## Task statement
Give again, exactly and only, the lines running from the one with "本手册讨论的条令与 FM 3-0" to the end of the material below; leave out pictures.
----- Dataset excerpt
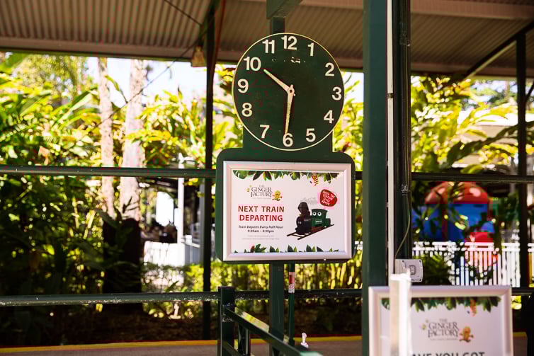 You are welcome to walk through the gardens for free, admiring the tropical and ornamental ginger-themed plants along the way, or you can purchase a ticket to ride the 100-year-old cane train, Moreton. The train leaves the “Ginger Town Station” every half hour between 9.30am and 4.30pm.
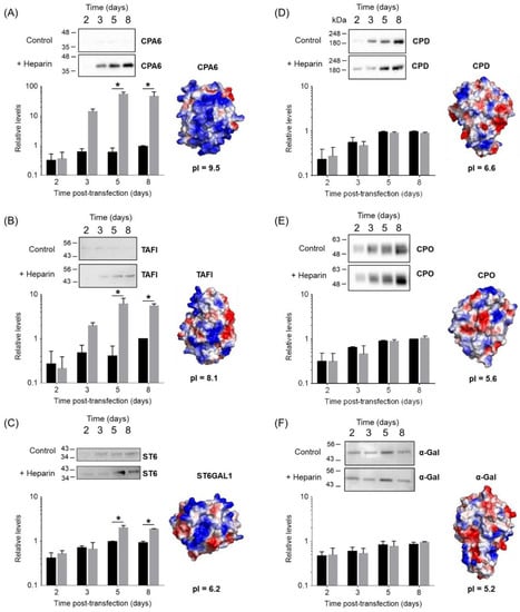 To demonstrate the robustness of our approach on different ECM-binding proteins, we further tested the expression of six additional biomedically relevant enzymes (Figure 3). Three of such proteins (TAFI, CPA6 and ST6GAL1) were expected to have heparin/ECM-binding properties based on previous findings (Figure 3A–C) [30,31,32,33,34,35]. After heparin supplementation, CPA6 protein levels in the conditioned medium were increased about 55-fold after 5 days post-transfection. Similarly, in the case of TAFI, the amount of secreted protein raised to 6-fold after 5 days post-transfection as a result of heparin addition. The smallest improvement was observed for ST6GAL1, for which only a 2-fold enhancement of protein levels was achieved. Interestingly, ST6GAL1 displays a very low pI in comparison to the other four heparin-binding proteins tested. As expected, our approach did not increase the extracellular levels of other proteins without heparin affinity properties, such as human CPD [22], carboxypeptidase O [24] or human α-galactosidase (α-gal) [25] (Figure 3E,F).
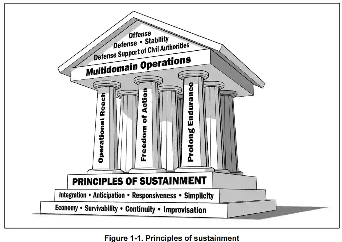 本手册讨论的条令与 FM 3-0 系列条令相互嵌套。持久性对行动的成功至关重要。陆军部队的耐力主要取决于其维持能力(ADP 3-0)。持续性决定了陆军行动的深度和持续时间。它对夺取、保持和利用主动权至关重要。维持本身就是联合行动,有助于联合部队指挥官实现行动自由、扩大作战范围和延长作战时间。在战争的各个层面,“持续”都必须与作战行动进行规划、整合和同步。持续能力取决于联合和战略整合,并应加以协调,以确保将资源交付到使用点。陆军的维持能力有助于提供关键的战区开辟功能,使联合部队能够实现战略和行动覆盖。陆军维持能力为其他军种、共同用户后勤和其他共同维持资源提供大部分陆军支持,以支持作战指挥官。
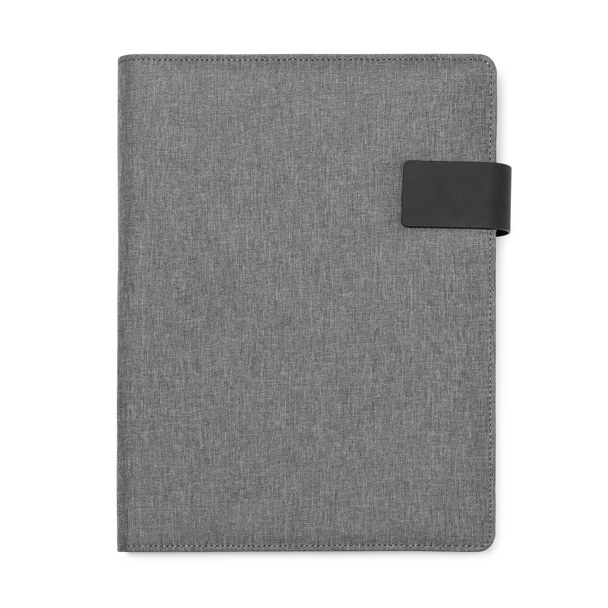 Универсальная папка А4 из вереска 600D RPET с магнитной застежкой. В комплект входит съемный блокнот на 30 листов с подкладкой. 4 внутренних кармана и держатель для ручек.
----------
## Task solution
 本手册讨论的条令与 FM 3-0 系列条令相互嵌套。持久性对行动的成功至关重要。陆军部队的耐力主要取决于其维持能力(ADP 3-0)。持续性决定了陆军行动的深度和持续时间。它对夺取、保持和利用主动权至关重要。维持本身就是联合行动,有助于联合部队指挥官实现行动自由、扩大作战范围和延长作战时间。在战争的各个层面,“持续”都必须与作战行动进行规划、整合和同步。持续能力取决于联合和战略整合,并应加以协调,以确保将资源交付到使用点。陆军的维持能力有助于提供关键的战区开辟功能,使联合部队能够实现战略和行动覆盖。陆军维持能力为其他军种、共同用户后勤和其他共同维持资源提供大部分陆军支持,以支持作战指挥官。
 Универсальная папка А4 из вереска 600D RPET с магнитной застежкой. В комплект входит съемный блокнот на 30 листов с подкладкой. 4 внутренних кармана и держатель для ручек.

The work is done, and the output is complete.